Proposta conjunta de PS, BE e PCP sobre a transmissão de estabelecimento, garantindo o direito à oposição do trabalhador à transferência de empresa, foi aprovada em plenário.

Concentração de trabalhadores do grupo Altice, no dia em que foi aprovado o direito de oposição à transferência de empresa, frente à Assembleia da República, em Lisboa. 2 de Fevereiro de 2018
Concentração de trabalhadores do grupo Altice, no dia em que foi aprovado o direito de oposição à transferência de empresa, frente à Assembleia da República, em Lisboa. 2 de Fevereiro de 2018CréditosMário Cruz / Agência LUSA

O texto que substitui os projectos apresentados pelos três partidos e pelo PAN foi aprovado com os votos de todas as bancadas, à excepção das que estiveram no anterior governo, que deu o beneplácito à compra da PT/Meo pela Altice.

O diploma aprovado introduz uma alteração ao Código do Trabalho que permite o direito de oposição do trabalhador à transmissão de estabelecimento. Até agora, uma empresa podia impor a transferência de empresa sobre um trabalhador de forma unilateral, como fez a Altice e o grupo Impresa, acto considerado pelos sindicatos como sendo «fraudulento» e não mais que «despedimentos encapotados».

Exemplificando, os trabalhadores que passam para outras empresas fora do universo da Altice mantêm os direitos laborais contratuais que tinham na antiga empresa mas apenas durante 12 meses, como definido na lei.

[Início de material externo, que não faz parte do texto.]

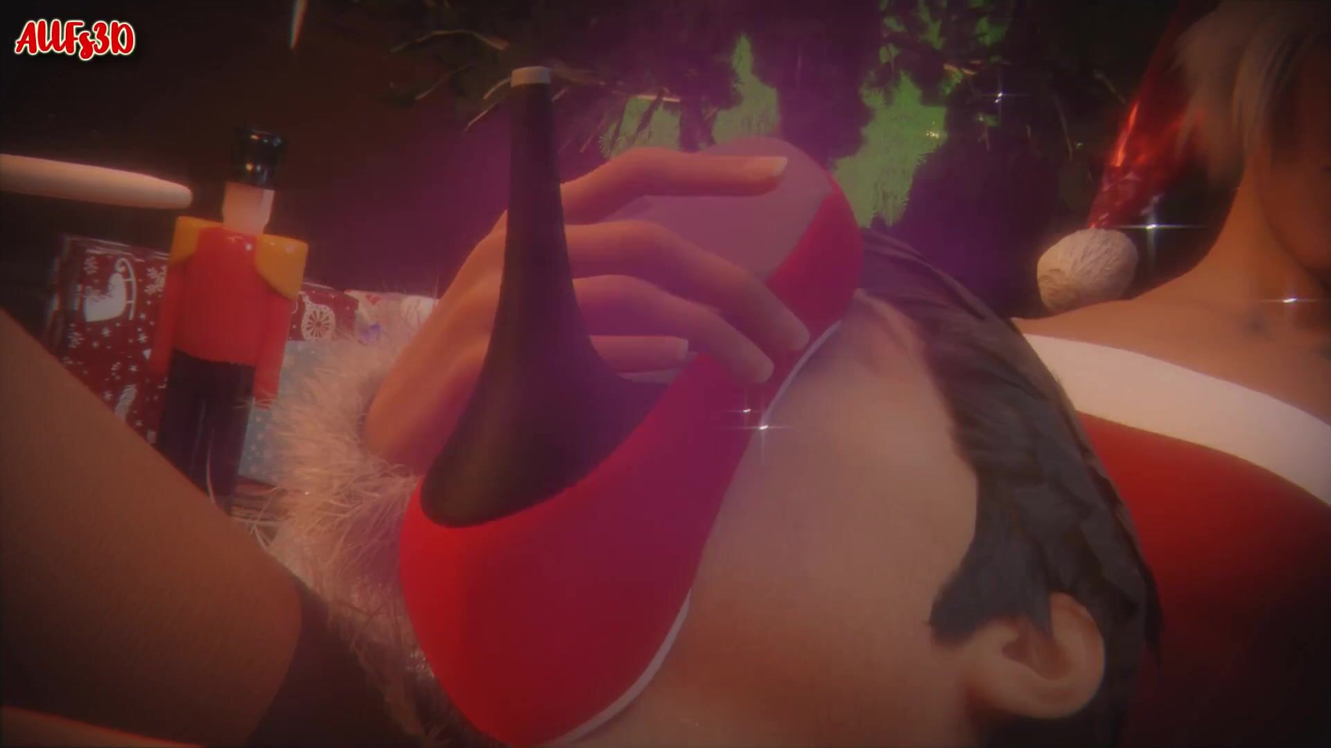 A blonde beauty dressed as Santa Claus enjoys a holiday footjob in high definition 3D format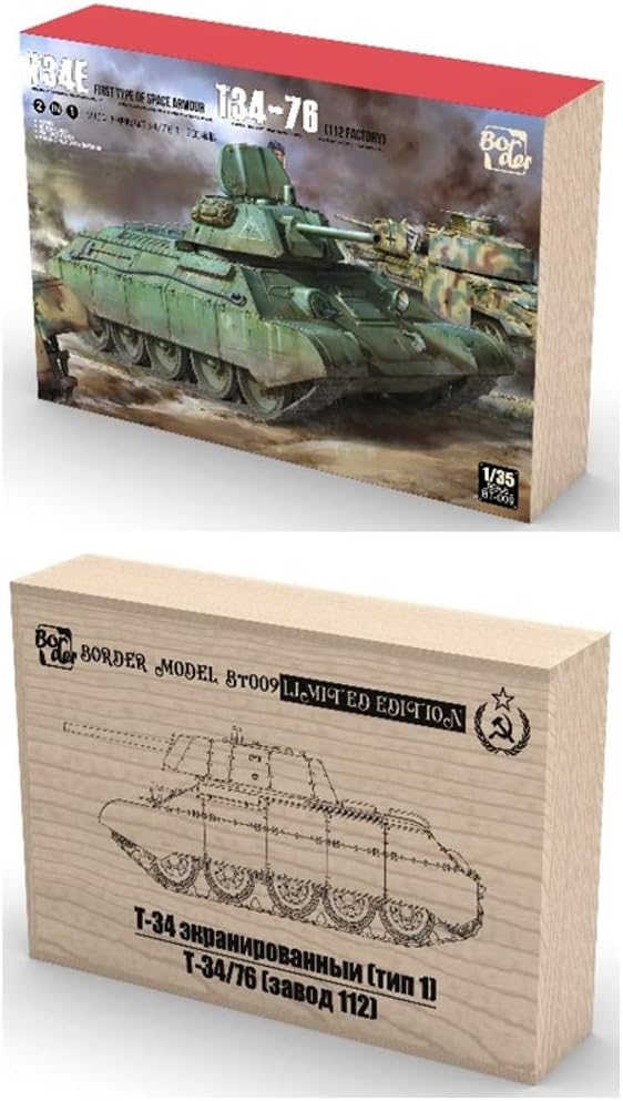 Plastic model "1/35 Soviet Army Medium Tank T34E/T34-76 (2-in-1 Kit)" border model. The T34 has been thoroughly reproduced with a completely new mold. Limited Edition First-Run (Wooden Box Package & Metal Barrel Included) Movable sash. Various accessories included. Metal Spring Movable Suspension T34E and T34-76 112 Factory 2 Types Selectable (2 in 1 Kit) Etched parts included This product is a plastic model that requires assembly and painting. Adhesives, tools, paints, etc., are required for assembly and painting. "Plastic Model" is a registered trademark owned by the Japan Plastic Model Industrial Cooperative Association.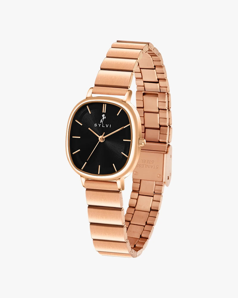 Ellore Black Rosegold Link Watch – Bold Elegance for Everyday Wear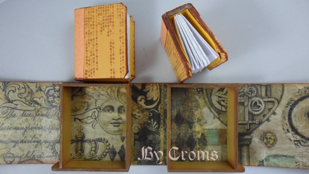 The inside and bottom were covered with Stamperia rice paper before securing the little box sides that had been painted and inked prior to fitting.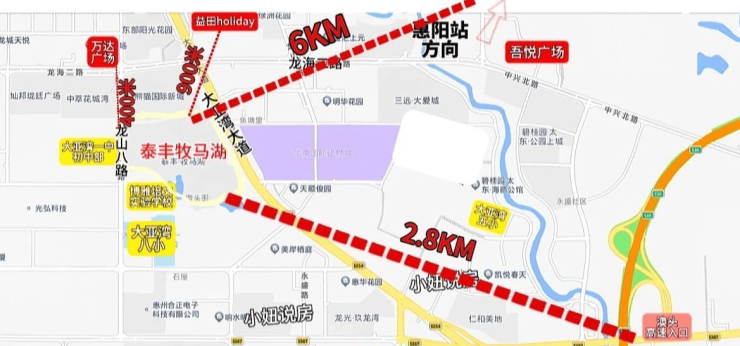 高铁:项目距离惠阳站约6km,25分钟直达深圳北站,最高峰班次达5分钟/班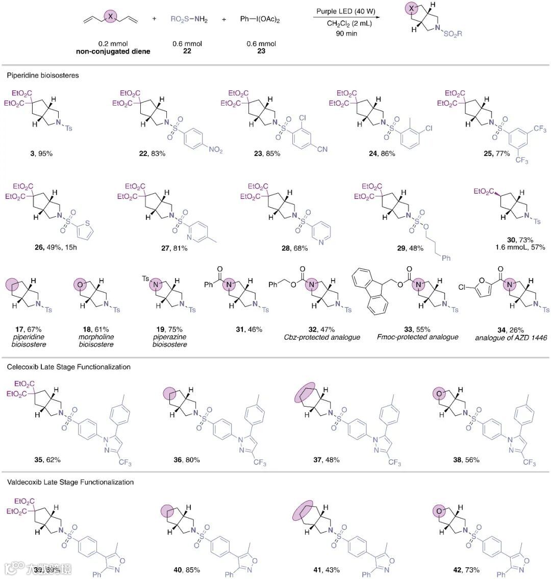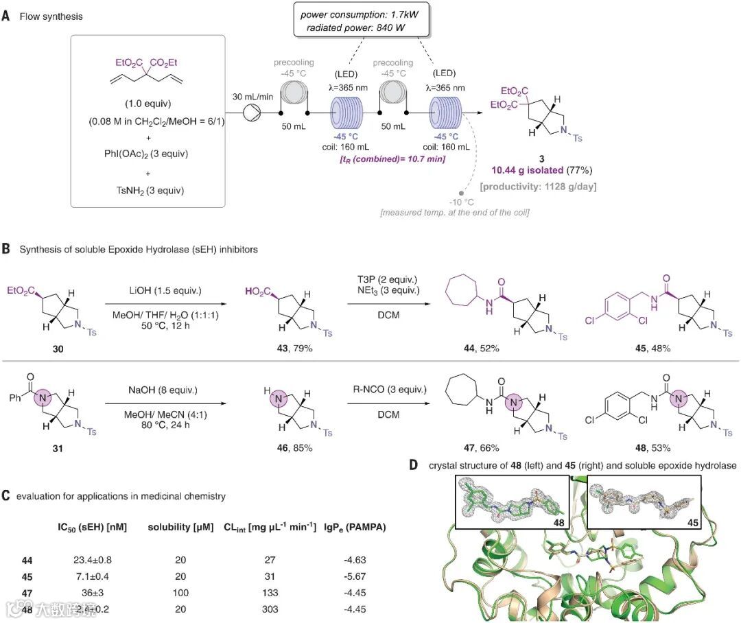 为了实现流动化学合成,作者以DCM和甲醇为二元混合溶剂并采用两个光反应器(每个体积160 mL、840 W LED、365 nm、流速30 mL min -1),而且每个光反应器都配备预冷装置以减少反应混合物的不必要加热。事实上,使用三种试剂的0.08 M预混溶液进行反应时能产生10.44 g(77%)的3-氮杂-双环-[3.3.0]-辛烷3,这相当于每天>1.1 kg的生产力(图4A)。其次,为了评估3-杂氮-双环-[3.3.0]-辛烷作为生物电子等排体的功效,作者将该结构引入两组可溶性环氧化物水解酶(sEH)抑制剂的药效团中(图4B),其中酯基取代的3-氮杂-双环-[3.3.0]-辛烷30经酯基水解、1-丙基膦酸酐介导的酰胺偶联获得酰胺类sEH抑制剂44和45;而不对称保护的3,7-二氮杂-双环-[3.3.0]-辛烷31经脱保护基、与烷基取代异氰酸酯的反应制备了脲基sEH抑制剂47和48。随后,作者对sEH抑制剂的生化性能进行了研究(图4C),具体而言:1)通过监测重组人sEH对荧光底物3-苯基氰基(6-甲氧基-2-萘基)甲酯-2-环氧乙烷乙酸的转化,发现四种化合物均在低纳摩尔浓度范围内显示出高活性和IC50值;2)在DPBS缓冲液(pH 7.0~7.3)中sEH抑制剂在浓度为20-100 μM时达到溶解度极限。在大鼠肝微粒体中,脲基衍生物被迅速降解,而酰胺衍生物的清除率明显较低;3)平行人工膜渗透性试验表明44、47和48的lgPe值较高(渗透性好),而45几乎不透水。由于参数在类药物范围内,上述实验结果共同证明3-杂氮-双环-[3.3.0]-辛烷骨架作为药物化学有用构建砌块的实用性。值得注意的是,作者还通过sEH与45和48的共晶结构来确认它们的结合模式,结果表明这两种配体都以完全占有的方式存在于晶体结构中并且二者位于活性位点内(图4D)。尽管1,3-二氯苯在两个配合物中占据相同的位置,但是45和48之间的碳氮转换似乎导致了tosyl基团的取向明显不同。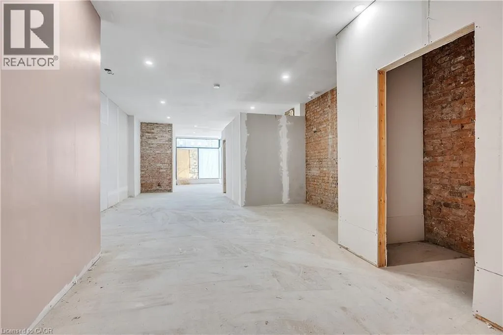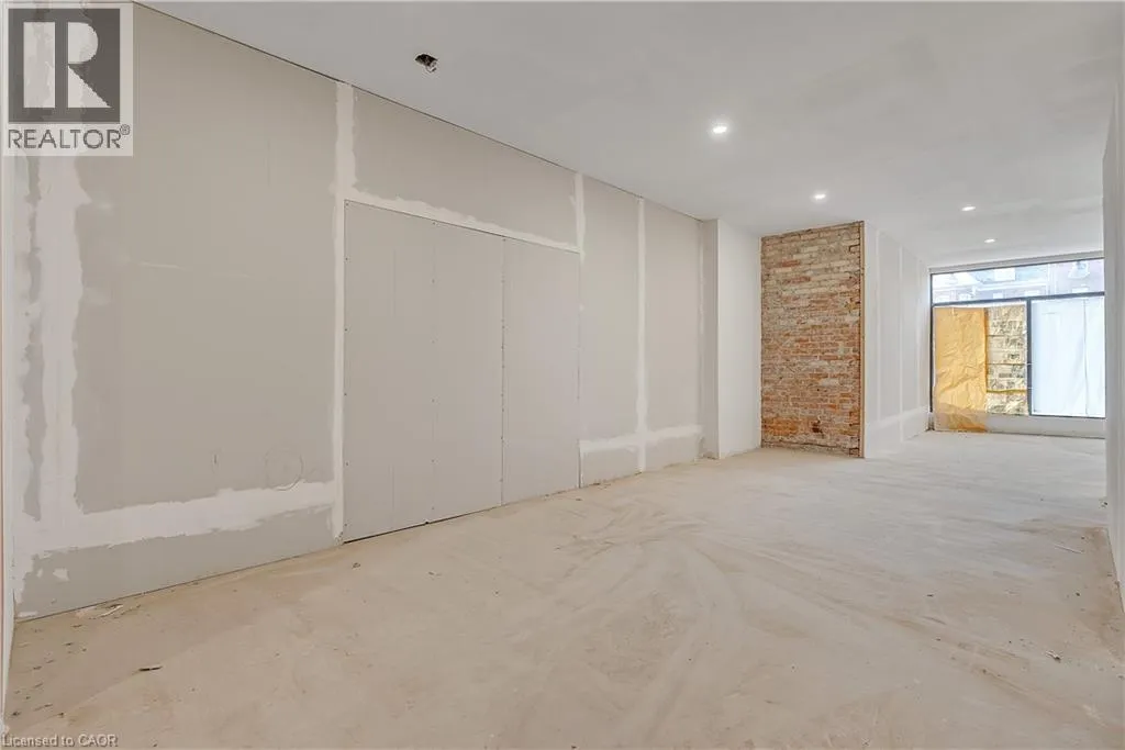 Between Emerald Avenue and East Avenue on King Welcome to your business's new home! Nearly 1,000 square feet of prime retail space on Hamilton's future LRT corridor. Unit has been recently renovated, fully ready for tenant touches and fixtures! Includes furnace and A/C, rough-ins for plumbing and water lines, 100-amp panel, recessed pot lights, and gorgeous exposed brick. Steps to Hamilton's downtown, International Village, Cathedral High School and minutes to Hamilton General Hospital. Residential units above have been fully renovated and are presently 100% tenanted, meaning an existing customer base right when you move in! Building includes brand new façade and front windows. Parking available at rear. Note: unit still requires construction of washroom, including necessary rough-ins. (id:27476)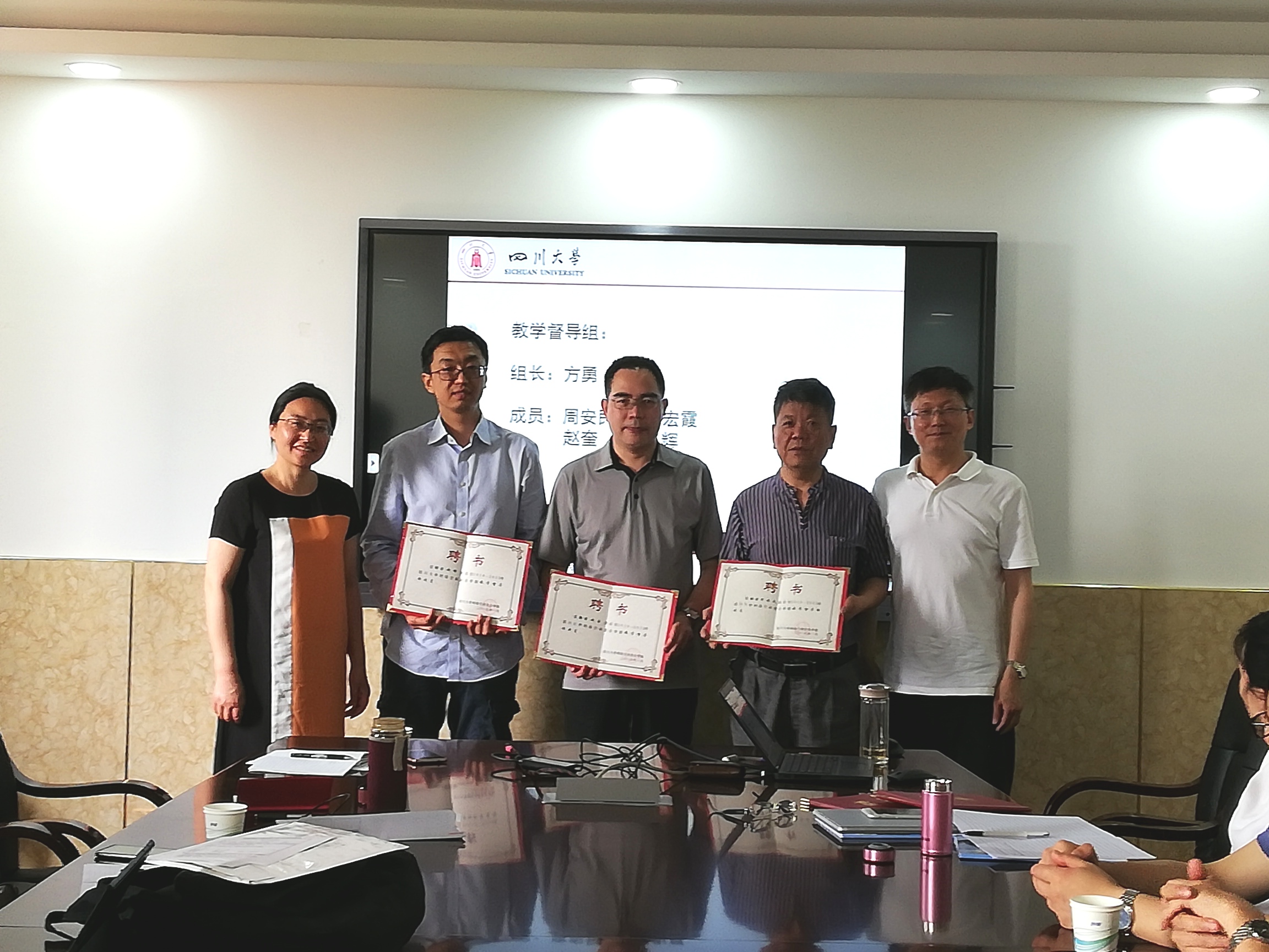 杨院长宣布了我院本科教学督导组成立,介绍了院督导组的工作职责,并与副院长兼直属党支部书记秦燕老师一起向5位督导组成员颁发了聘书。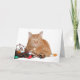 Orangefarbene Tischkatze legt Weihnachtsdekorationen an und behauptet sie als seine eigene Weihnachtsgrußkarte für das Foto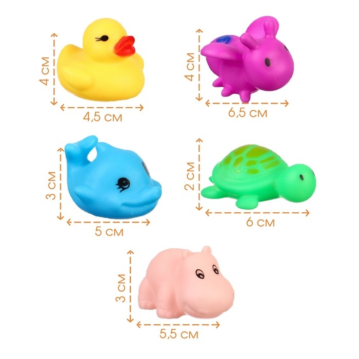 Набор резиновых игрушек для ванны «Маленькие друзья», с пищалкой, 5 шт, виды МИКС, Крошка Я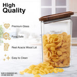 Square Glass Jars with Wood Lids Set of (2) 64 Fl Oz Airtight and Stackable Storage Containers for Kitchen Pantry or Bathroom BPA Free and Recyclable Canister for Food Cookies Coffee Pasta Sugar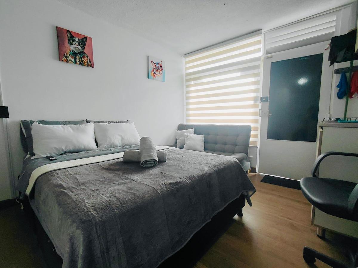 Profitez du confort et du charme de cet appartement confortable, parfait pour des séjours courts ou longs dans la ville aux portes ouvertes : Manizales. Avec une chambre avec lit double, 2 placards, TV, balcon avec vue panoramique, cuisine équipée, bar américain et salle de bain moderne, cet espace fonctionnel est idéal pour se reposer. Proche des universités et des restaurants. Important : nous n'avons pas de parking privé.
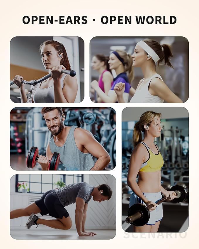 - IPX7 Waterproof & Sweatproof Durability: Engineered with advanced nano-coating and a sealed acoustic chamber, these open ear headphones deliver IPX7-rated protection against sweat, rain, and dust. Ergonomic over-ear hooks ensure a secure, stay-put fit—even during high-impact workouts and rugged outdoor adventures. Rigorously tested for over 100 hours in extreme conditions, these bluetooth earbuds over ear are the perfect companion for intense training sessions and active outdoor lifestyles

No caso da Altice, esta era uma longa reivindicação da estrutura de representação colectiva dos trabalhadores (ERCT) da PT, que inclui sindicatos e a comissão de trabalhadores, estando em tribunal vários processos de trabalhadores que contestam a imposição.

Outro dos pontos previstos no acordo, em caso de transferência para uma outra empresa do mesmo grupo, é que sejam garantidos os direitos dos trabalhadores, de forma individual ou relacionados com convenções colectivas.

É alargado ainda o direito à informação sobre a empresa, além de se clarificar a questão da «unidade económica», evitando-se que um grupo de trabalhadores seja transferido como se fosse parte de uma empresa.

No projecto hoje aprovado, prevê-se também a participação do Governo na fiscalização de processos de transmissão de estabelecimento e são reforçadas as sanções para as empresas acusadas desta práctica.

A acompanhar a votação desta manhã marcaram presença representantes dos trabalhadores do grupo Altice, junto à escadaria e nas galerias da Assembleia da República.

Na declaração de voto da sua bancada, a deputada Rita Rato (PCP) lembrou o papel que a ERCT e a luta dos trabalhadores do grupo Altice desempenharam e que os seus mais de 100 trabalhadores que já foram transferidos, foram-no ilegalmente.